| GIVEN DATA |

# # # # # # #

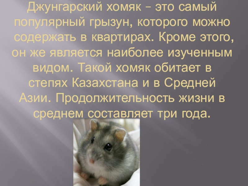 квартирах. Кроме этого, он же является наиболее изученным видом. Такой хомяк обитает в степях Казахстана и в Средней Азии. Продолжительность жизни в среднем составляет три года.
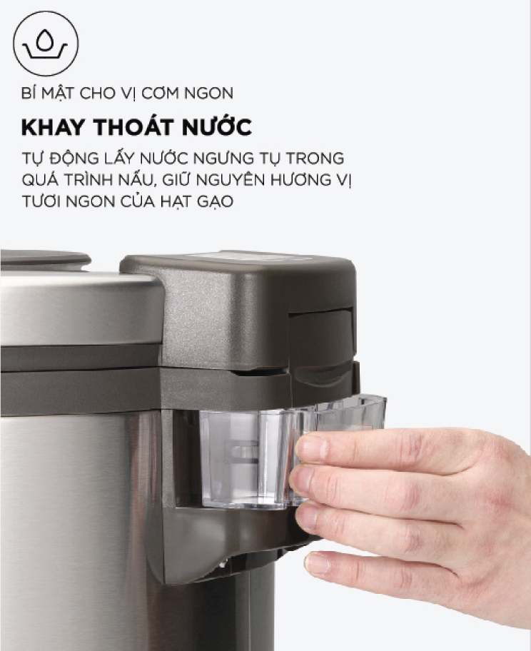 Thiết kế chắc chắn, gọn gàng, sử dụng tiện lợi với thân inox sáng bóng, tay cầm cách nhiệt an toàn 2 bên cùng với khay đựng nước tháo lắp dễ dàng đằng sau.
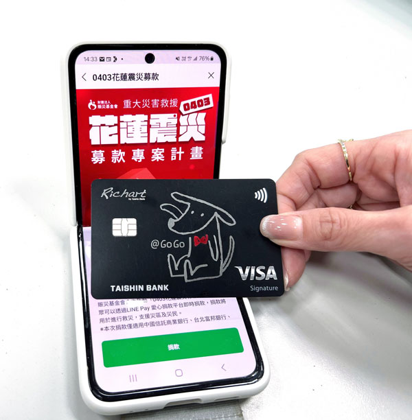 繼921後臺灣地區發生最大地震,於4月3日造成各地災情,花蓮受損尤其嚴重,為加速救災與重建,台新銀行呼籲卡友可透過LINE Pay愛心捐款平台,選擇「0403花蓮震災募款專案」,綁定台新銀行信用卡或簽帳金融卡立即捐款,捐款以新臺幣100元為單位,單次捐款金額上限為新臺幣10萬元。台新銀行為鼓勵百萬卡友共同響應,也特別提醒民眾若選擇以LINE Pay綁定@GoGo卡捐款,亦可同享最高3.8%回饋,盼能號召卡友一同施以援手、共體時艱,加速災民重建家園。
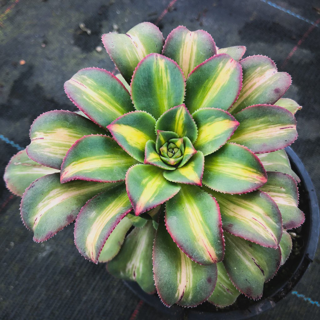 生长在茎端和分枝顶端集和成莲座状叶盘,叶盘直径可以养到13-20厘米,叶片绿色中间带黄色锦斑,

# # # # # # #

| THE PROBLEM |
Set down all of the material word for word, but keep each picture out.

| ANSWER BELOW |
 квартирах. Кроме этого, он же является наиболее изученным видом. Такой хомяк обитает в степях Казахстана и в Средней Азии. Продолжительность жизни в среднем составляет три года.
 Thiết kế chắc chắn, gọn gàng, sử dụng tiện lợi với thân inox sáng bóng, tay cầm cách nhiệt an toàn 2 bên cùng với khay đựng nước tháo lắp dễ dàng đằng sau.
 繼921後臺灣地區發生最大地震,於4月3日造成各地災情,花蓮受損尤其嚴重,為加速救災與重建,台新銀行呼籲卡友可透過LINE Pay愛心捐款平台,選擇「0403花蓮震災募款專案」,綁定台新銀行信用卡或簽帳金融卡立即捐款,捐款以新臺幣100元為單位,單次捐款金額上限為新臺幣10萬元。台新銀行為鼓勵百萬卡友共同響應,也特別提醒民眾若選擇以LINE Pay綁定@GoGo卡捐款,亦可同享最高3.8%回饋,盼能號召卡友一同施以援手、共體時艱,加速災民重建家園。
 生长在茎端和分枝顶端集和成莲座状叶盘,叶盘直径可以养到13-20厘米,叶片绿色中间带黄色锦斑,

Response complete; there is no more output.